Extracted entries section start

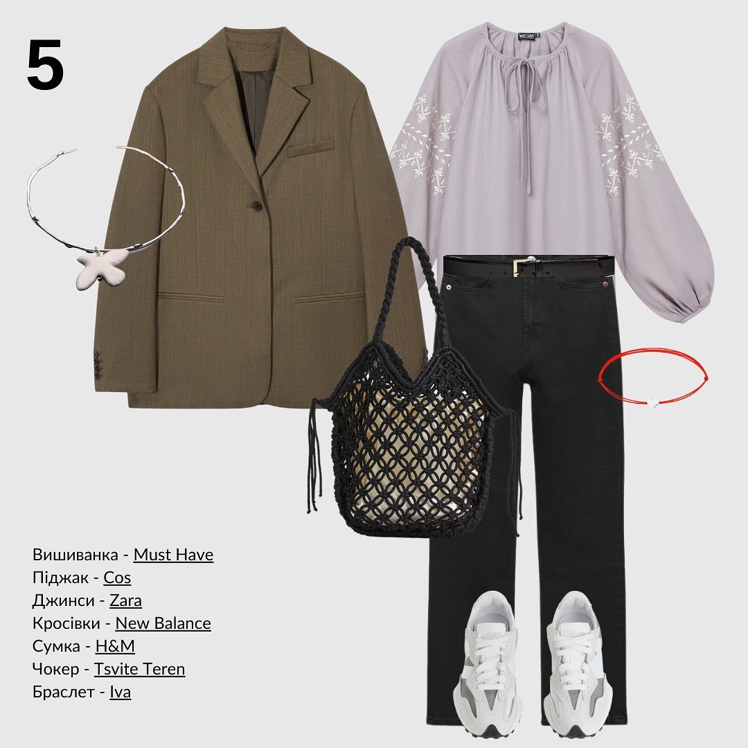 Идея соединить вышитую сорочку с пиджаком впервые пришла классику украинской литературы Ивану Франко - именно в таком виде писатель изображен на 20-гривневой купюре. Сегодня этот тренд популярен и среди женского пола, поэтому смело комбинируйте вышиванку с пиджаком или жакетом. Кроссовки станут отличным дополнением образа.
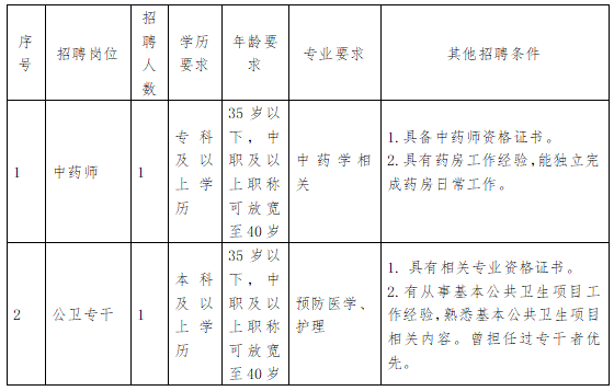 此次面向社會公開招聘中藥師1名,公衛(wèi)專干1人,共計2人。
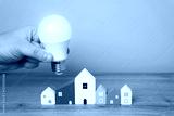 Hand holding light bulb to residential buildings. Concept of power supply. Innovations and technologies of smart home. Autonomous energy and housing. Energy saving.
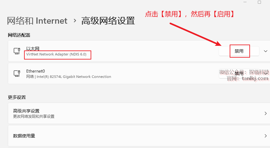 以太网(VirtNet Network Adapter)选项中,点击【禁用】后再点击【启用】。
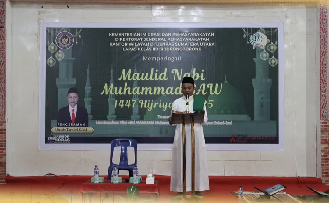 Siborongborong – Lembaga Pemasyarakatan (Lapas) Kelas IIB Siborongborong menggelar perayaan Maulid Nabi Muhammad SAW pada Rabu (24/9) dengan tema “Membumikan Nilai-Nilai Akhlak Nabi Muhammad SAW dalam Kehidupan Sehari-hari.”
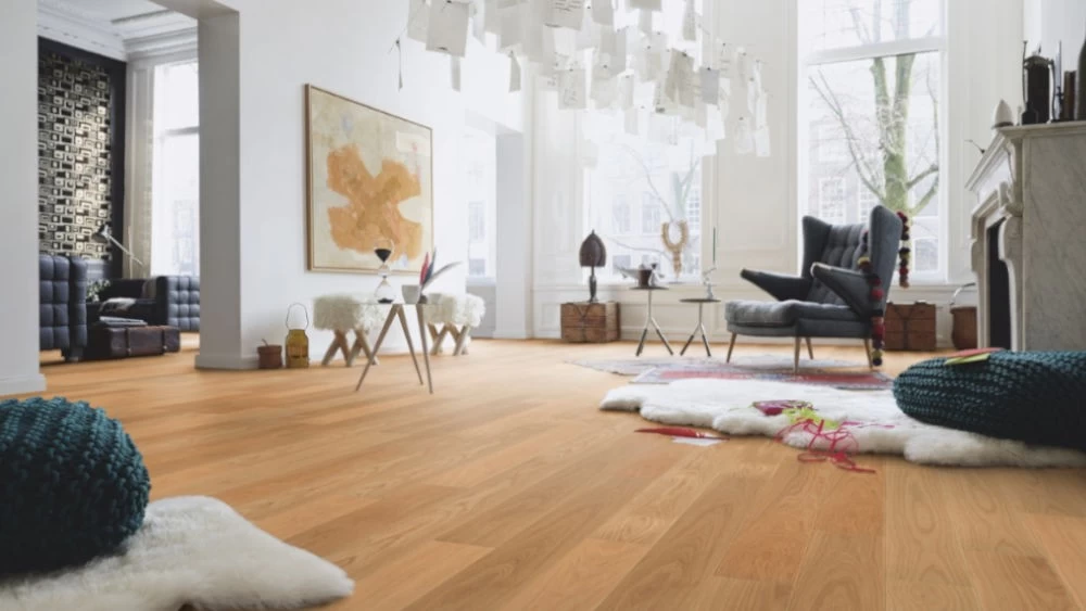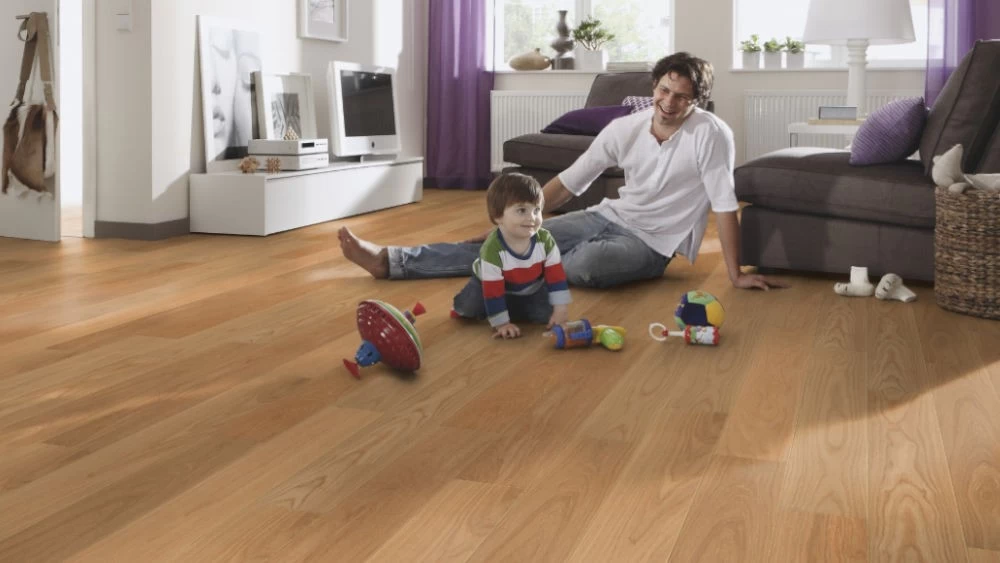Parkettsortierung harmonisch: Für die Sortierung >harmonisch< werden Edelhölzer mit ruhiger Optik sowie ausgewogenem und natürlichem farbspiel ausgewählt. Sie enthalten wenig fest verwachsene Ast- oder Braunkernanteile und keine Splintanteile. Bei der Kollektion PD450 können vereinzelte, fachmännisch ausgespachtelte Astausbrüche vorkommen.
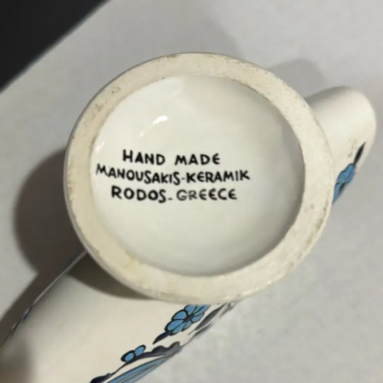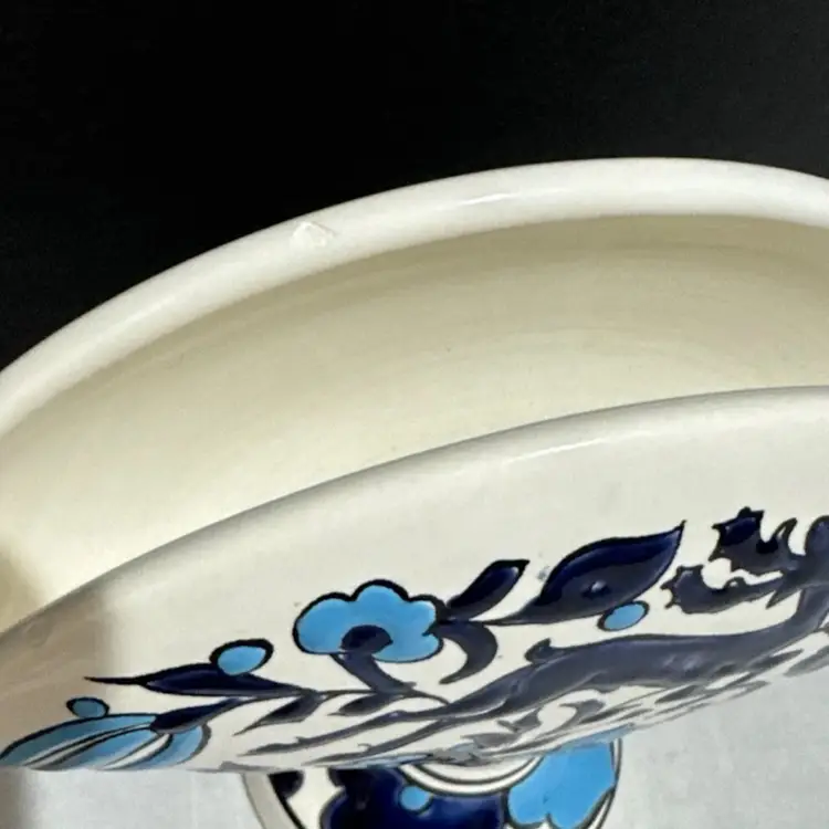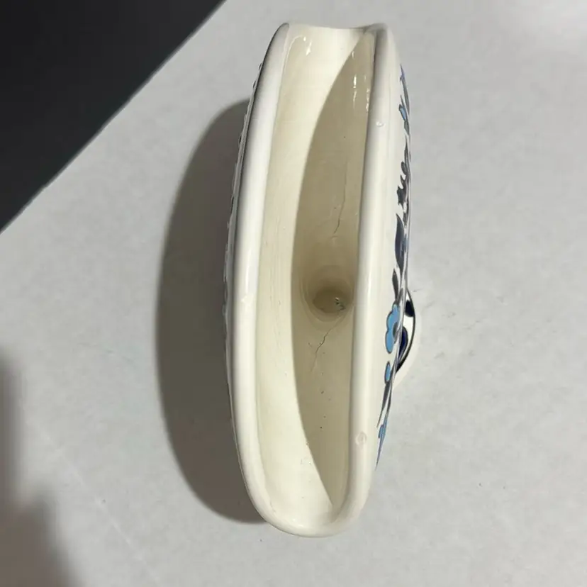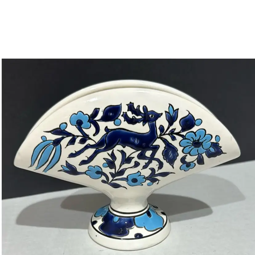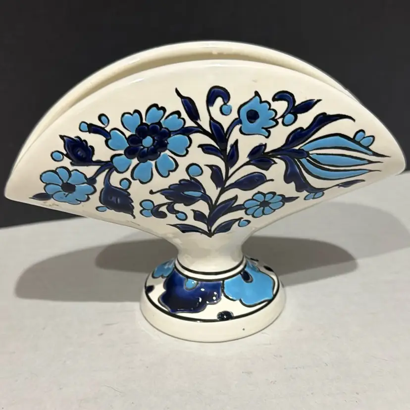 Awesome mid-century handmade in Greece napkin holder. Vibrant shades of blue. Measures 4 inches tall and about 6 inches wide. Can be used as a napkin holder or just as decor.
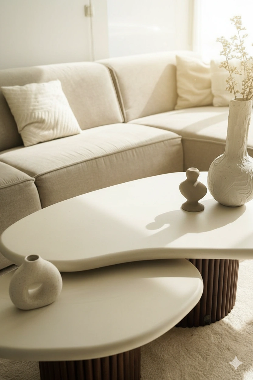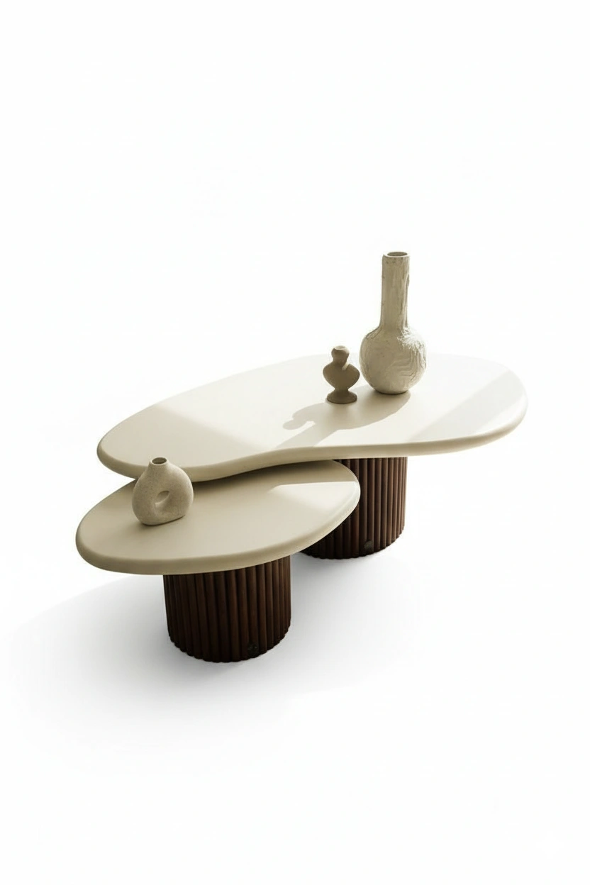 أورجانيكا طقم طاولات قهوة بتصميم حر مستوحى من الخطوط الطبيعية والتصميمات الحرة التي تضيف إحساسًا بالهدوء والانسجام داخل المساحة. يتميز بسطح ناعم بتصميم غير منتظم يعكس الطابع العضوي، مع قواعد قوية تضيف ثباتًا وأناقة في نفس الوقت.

Extracted entries section end

- _Task description_
All pictures must be left out. Reproduce exactly the lines from the one containing "Siborongborong – Lembaga" to the final line of the entries.

- _Answer to the exercise_
 Siborongborong – Lembaga Pemasyarakatan (Lapas) Kelas IIB Siborongborong menggelar perayaan Maulid Nabi Muhammad SAW pada Rabu (24/9) dengan tema “Membumikan Nilai-Nilai Akhlak Nabi Muhammad SAW dalam Kehidupan Sehari-hari.”
Parkettsortierung harmonisch: Für die Sortierung >harmonisch< werden Edelhölzer mit ruhiger Optik sowie ausgewogenem und natürlichem farbspiel ausgewählt. Sie enthalten wenig fest verwachsene Ast- oder Braunkernanteile und keine Splintanteile. Bei der Kollektion PD450 können vereinzelte, fachmännisch ausgespachtelte Astausbrüche vorkommen.
 Awesome mid-century handmade in Greece napkin holder. Vibrant shades of blue. Measures 4 inches tall and about 6 inches wide. Can be used as a napkin holder or just as decor.
 أورجانيكا طقم طاولات قهوة بتصميم حر مستوحى من الخطوط الطبيعية والتصميمات الحرة التي تضيف إحساسًا بالهدوء والانسجام داخل المساحة. يتميز بسطح ناعم بتصميم غير منتظم يعكس الطابع العضوي، مع قواعد قوية تضيف ثباتًا وأناقة في نفس الوقت.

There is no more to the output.